= James Bernard Fay =

Canadian politician

James Bernard Fay (born September 23, 1947) was a farmer and political figure on Prince Edward Island. He represented 1st Kings in the Legislative Assembly of Prince Edward Island from 1976 to 1979 as a Liberal.

He was born in Charlottetown, the son of John Brady Fay and Margaret Theresa Ellsworth. Fay worked as a federal potato inspector for Kings County. He was first elected to the legislative assembly in a 1976 by-election held after Melvin J. McQuaid was named a judge. Fay was reelected in the 1978 general election but defeated in 1979. He served in the provincial cabinet as minister without portfolio and as Minister of Justice. After he retired from politics, he was a political advisor for Eugene Whelan.
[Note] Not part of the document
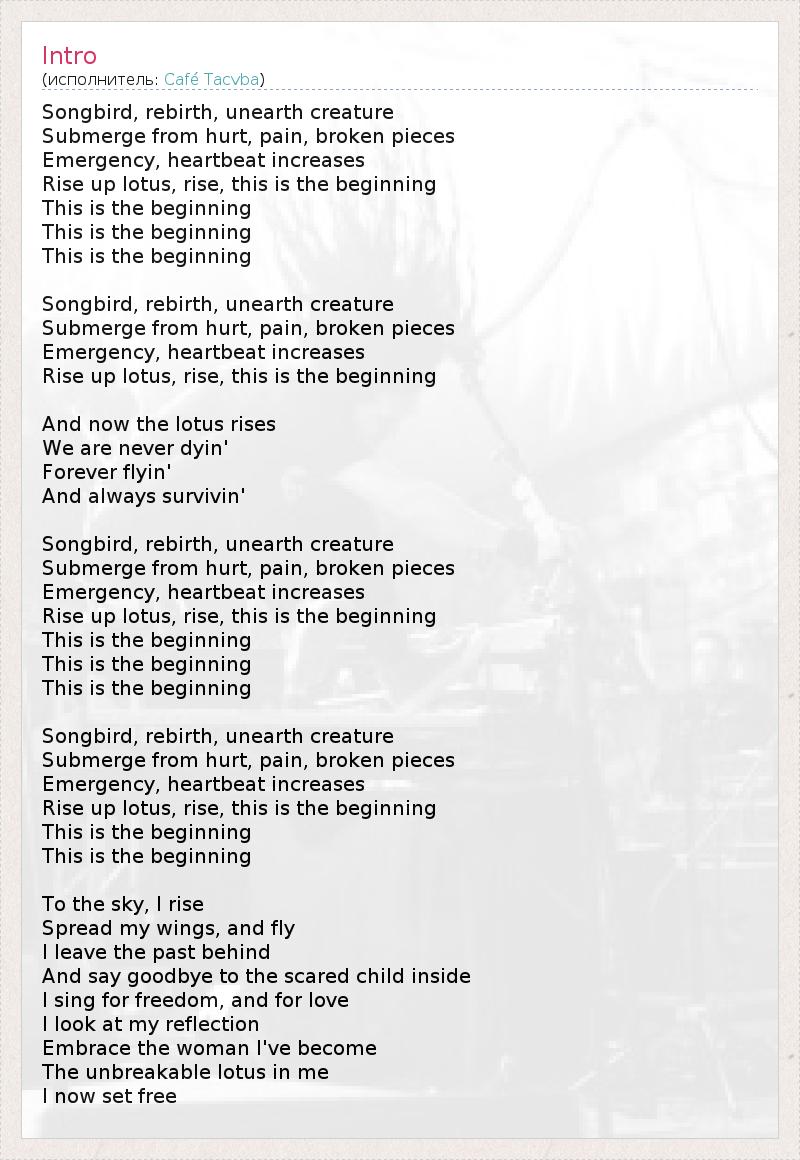 Певчие птицы, возрождение, неземное творение, Прячьтесь от страданий, боли и ссор, Критическое положение учащает сердцебиение, Расцветай, лотос, расти, это начало, Это начало, Это начало, Это начало... Певчие птицы, возрождение, неземное творение, Прячьтесь от страданий, боли и ссор, Критическое положение учащает сердцебиение, Расцветай, лотос, расти, это начало... А теперь лотос распускается, И мы никогда не умрём, Мы в вечном полёте, Мы всегда выживаем. Певчие птицы, возрождение, неземное творение, Прячьтесь от страданий, боли и ссор, Критическое положение учащает сердцебиение, Расцветай, лотос, расти, это начало, Это начало, Это начало, Это начало... Певчие птицы, возрождение, неземное творение, Прячьтесь от страданий, боли и ссор, Критическое положение учащает сердцебиение, Расцветай, лотос, расти, это начало, Это начало, Это начало... К небесам я взмываю, Расправляю свои крылья и лечу, Оставляю прошлое позади, Прощаюсь с испуганным ребёнком внутри, Я пою о свободе и о любви, Я смотрю на своё отражение, Любуюсь женщиной, которой я стала. Во мне несокрушимый лотос, И теперь я свободна.
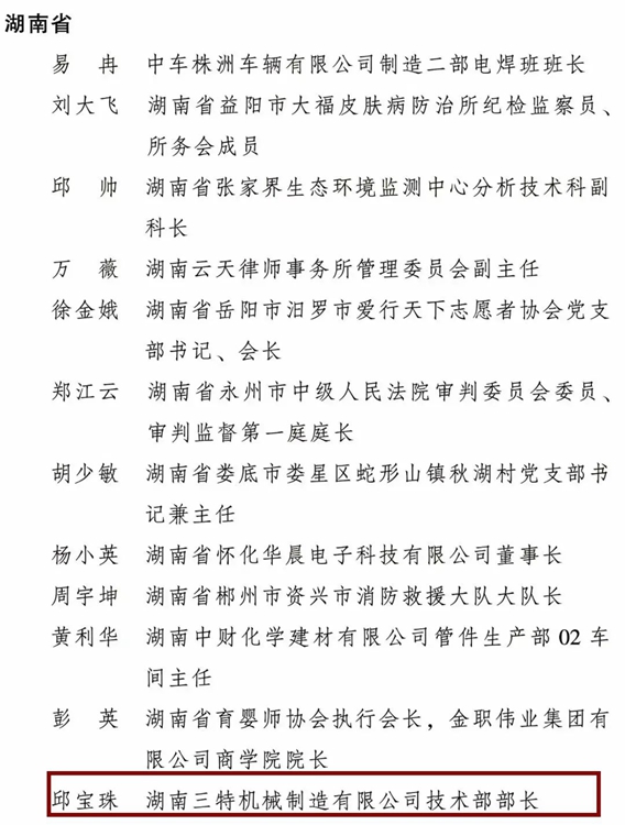 為表彰先進(jìn)、樹立榜樣,進(jìn)一步引領(lǐng)和激勵(lì)廣大婦女堅(jiān)定不移聽黨話、跟黨奮進(jìn)新征程,豪情滿懷、意氣風(fēng)發(fā)投入推進(jìn)中國式現(xiàn)代化的偉大實(shí)踐,日前,全國婦聯(lián)決定授予10人全國三八紅旗手標(biāo)兵稱號,298人全國三八紅旗手稱號,授予199個(gè)單位全國三八紅旗集體稱號,其中,來自桃源的湖南三特機(jī)械制造有限公司技術(shù)部部長 邱寶珠 獲得全國三八紅旗手榮譽(yù)。

During his time in Ottawa, from 1979-1984 Fay became a voice to Eugene Whelan who was Minister of Agriculture Canada and to Jean Chrétien who was Minister of Justice and Attorney General Canada. Helping them create the Canadian Charter of Rights and Freedoms, ending the Cold War, playing a role in fall of the Iron Curtain, and allowing inter-provincial movement of feed.1 Fay later moved to Fort McMurray, Alberta, where he worked for an oil company and then owned a taxi company.